Until now, AWS customers could use Network Manager to monitor and visualize their global network for a single AWS account. With the launch of multi-account support, Network Manager extends its management capabilities to work across multiple accounts. By registering AWS Transit Gateways from different accounts within an AWS Organization and defining on-premises resources, customers can visualize their global private network in a topology diagram and in a geographic map. Customers can also monitor their network using CloudWatch metrics and events for network topology changes, routing updates, and connection status updates. This reduces the overall operational burden for customers when managing a large network that is dispersed across accounts, providing them a comprehensive view of their entire global network over a centralized operational dashboard.

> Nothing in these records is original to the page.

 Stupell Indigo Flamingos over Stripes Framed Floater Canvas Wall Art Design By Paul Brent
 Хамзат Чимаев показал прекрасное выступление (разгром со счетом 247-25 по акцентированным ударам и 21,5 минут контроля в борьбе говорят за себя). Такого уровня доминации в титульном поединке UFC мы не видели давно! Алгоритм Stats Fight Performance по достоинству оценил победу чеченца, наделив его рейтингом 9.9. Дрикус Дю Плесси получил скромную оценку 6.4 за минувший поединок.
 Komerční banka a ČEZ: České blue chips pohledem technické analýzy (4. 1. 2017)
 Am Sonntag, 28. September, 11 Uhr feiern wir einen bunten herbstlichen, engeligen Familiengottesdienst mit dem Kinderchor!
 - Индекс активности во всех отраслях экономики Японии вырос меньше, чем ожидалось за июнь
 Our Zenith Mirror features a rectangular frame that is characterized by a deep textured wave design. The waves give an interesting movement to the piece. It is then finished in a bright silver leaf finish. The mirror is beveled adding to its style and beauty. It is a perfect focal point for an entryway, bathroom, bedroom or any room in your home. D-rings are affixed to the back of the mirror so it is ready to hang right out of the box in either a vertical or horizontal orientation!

This week, AWS Marketplace announced general availability of Offer Acceptance Email Notifications which will notify users by email when a customer completes an offer subscription. With this launch, customers can now have real-time visibility into Offer Acceptance and Subscription by buyers, allowing them to track the overall progress of an AWS Marketplace transaction. Buyers, ISVs and Channel Partners can now receive relevant details like Agreement ID, Offer ID, and Customer details at the time of subscription, to initiate procurement workflows, internal order creation, revenue recognition and software provisioning/deployment. This feature is available for all AWS Marketplace product types.

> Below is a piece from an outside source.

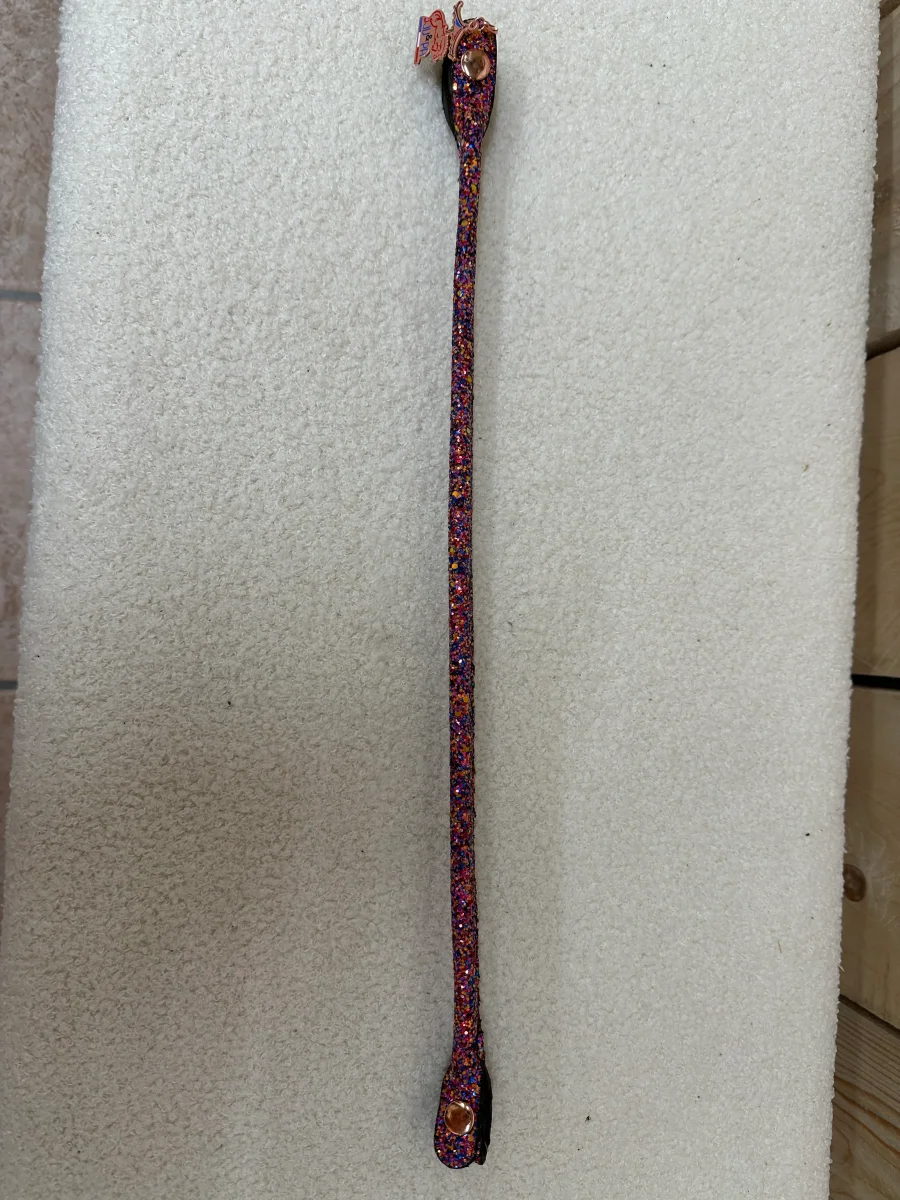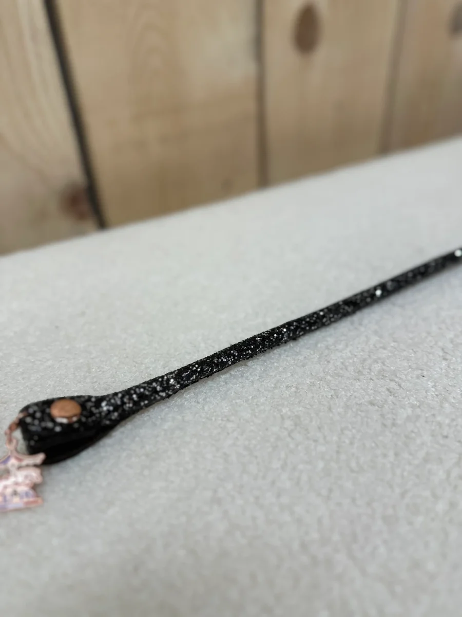 Frontal en cuir tannage végétal enrobé de notre galon disco noir ou multicolore. Petite médaille Ju et Pa sur le côté.
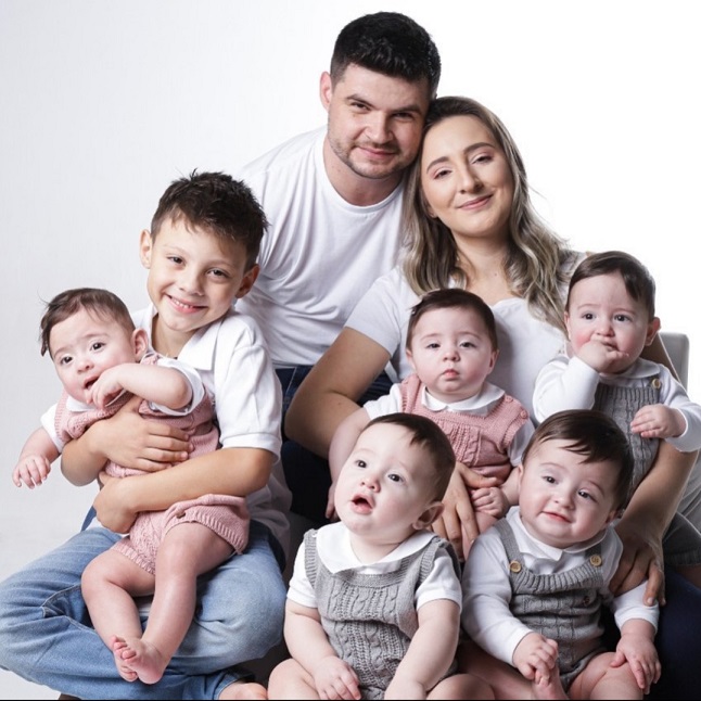 “Com a descoberta da minha gestação de cinco bebês, foi algo mágico, instantaneamente senti algo dentro de mim que tomou conta totalmente e, ao mesmo tempo foi assustador e repleto de incertezas, a única certeza é que não faltaria amor (...). Eu e o Luis lutamos muito por eles, sou uma pessoa que tento sempre passar positividade e leveza. Vivemos muitas dificuldades em Campo Largo, foi desafiador demais, o período da UTI foi muito difícil também, mas passaríamos tudo novamente (...). Sou muito grata e escolhida por Deus para esta linda missão”, publicou a mãe Anieli na página “Quíntuplos do Paraná”, na rede social Instagram. Fotos: reprodução/Instagram.

Previously, Amazon Comprehend supported 22 PII entities across multiple categories, including Financial (e.g., credit card number, bank account number), Personal (e.g., name, email, age), Technical Security (e.g., username, password), and National (e.g., social security number, passport number). Starting today, Amazon Comprehend PII will support 14 new entity types, with localized support for entities within the United States, Canada, United Kingdom, and India. Customers can now detect and redact 36 entities to protect sensitive data. Specifically, the new entities are:

• United States (US Individual Tax Identification Number)
• United Kingdom (National Insurance Number, UK Unique Taxpayer Reference Number, National Health Service Number)
• Canada (Social Insurance Number, Canada Health Number)
• India (Aadhaar Card, Permanent Account Number, NREGA, Voter Number)
• Others (Vehicle Identification Number, SWIFT code, License Plate, International Bank Account Number)

Amazon Kinesis Data Analytics is now authorized as FedRAMP Moderate in US East (Ohio), US East (N. Virginia), US West (N. California), US West (Oregon) and as FedRAMP High in AWS GovCloud (US-West) and AWS GovCloud (US-East).

The Federal Risk and Authorization Management Program (FedRAMP) is a US government-wide program that delivers a standard approach to the security assessment, authorization, and continuous monitoring for cloud products and services. FedRAMP uses the National Institute of Standards and Technology (NIST) Special Publication 800 series and requires cloud service providers to receive an independent security assessment conducted by a third-party assessment organization (3PAO), to ensure that authorizations are compliant with the Federal Information Security Management Act (FISMA). US Federal agencies and commercial customers working with the US Federal government can now utilize Amazon Kinesis Data Analytics to process streaming data in real time.